Presented in the familiar AM4 form factor and requiring no software intervention to function at optimum levels, 3D V-Cache-equipped Ryzens are due in Q1 2022. We won’t have long to wait to verify AMD’s performance-enhancing claims.
AMD is using the same 3D V-Cache technology on server- and workstation-optimised Epyc processors. The current third-generation Epyc processors, codenamed Milan, are to be supplemented in early 2022 with L3 cache-injected models known as Milan-X.
Current Epyc 7003 series chips top out at an impressive 256MB of L3 cache per processor, split 16MB over 16 CCXes. Through stacking extra cache vertically – or 3D, if you will – AMD is also able to triple the amount of L3, to a total 768MB per top-bin chip. In a 2P dual-processor solution, common in the industry, this equates to a whopping 1.5GB of L3 per motherboard.

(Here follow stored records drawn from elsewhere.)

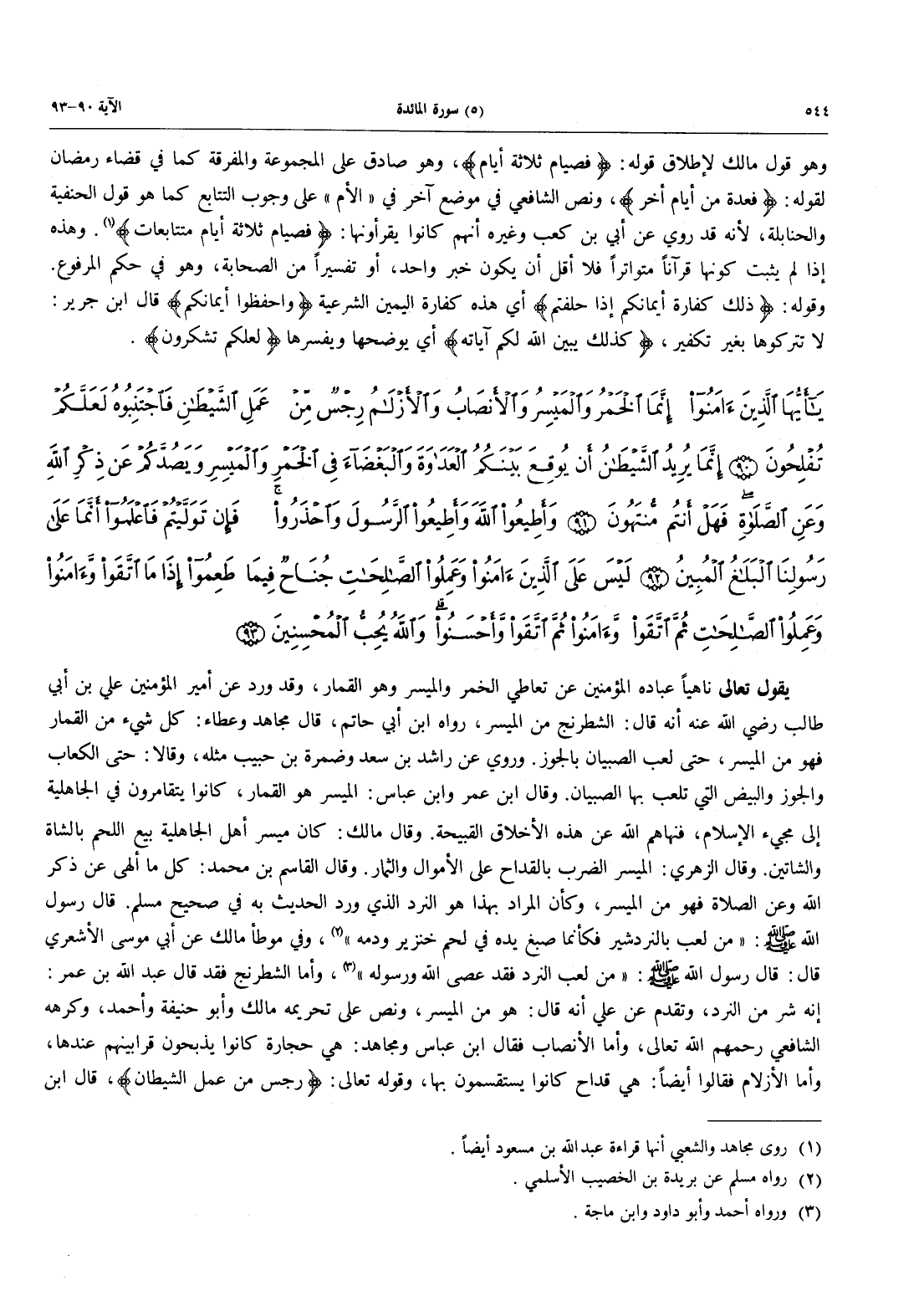 - 90 - يَا أَيُّهَا الَّذِينَ آمَنُواْ إِنَّمَا الْخَمْرُ وَالْمَيْسِرُ وَالْأَنْصَابُ وَالْأَزْلَامُ رِجْسٌ مِّنْ عَمَلِ الشَّيْطَانِ فَاجْتَنِبُوهُ لَعَلَّكُمْ تُفْلِحُونَ
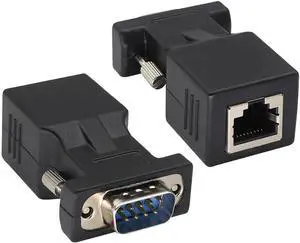 BUCIER 2-Pack DB9 to RJ45 Extender - Male & Female - 9Pin Serial Port to Ethernet LAN Network Adapter - Multimedia Video & Extend Transmission Distance - Compatible with DB9 Devices
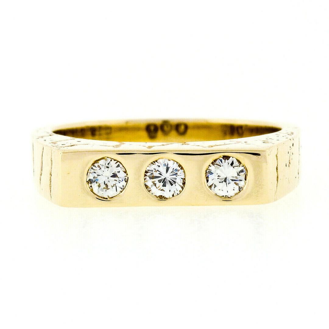 A solid 14k yellow gold nugget high profile band ring, with 3 round brilliant cut natural diamonds (H/I - VS1/VS2; 0.36ctw). The ring is size 8.5, weighs a total of 8.48 grams, and measures 4.50mm wide.

I feel it’s vitally important companies strive to innovate outside the known process and pure architecture box that has been the development handbook for years. These two drivers naturally offer an uplift from one generation to the next, but there will come a time when large advances for both become harder to come by. It’s then that mid-term updates such as V-Cache make the most sense. Engineering has to be cutting edge and smart at the same time.
In the fast-moving world of technology, AMD continues to innovate at pace with plenty more to come in 2022.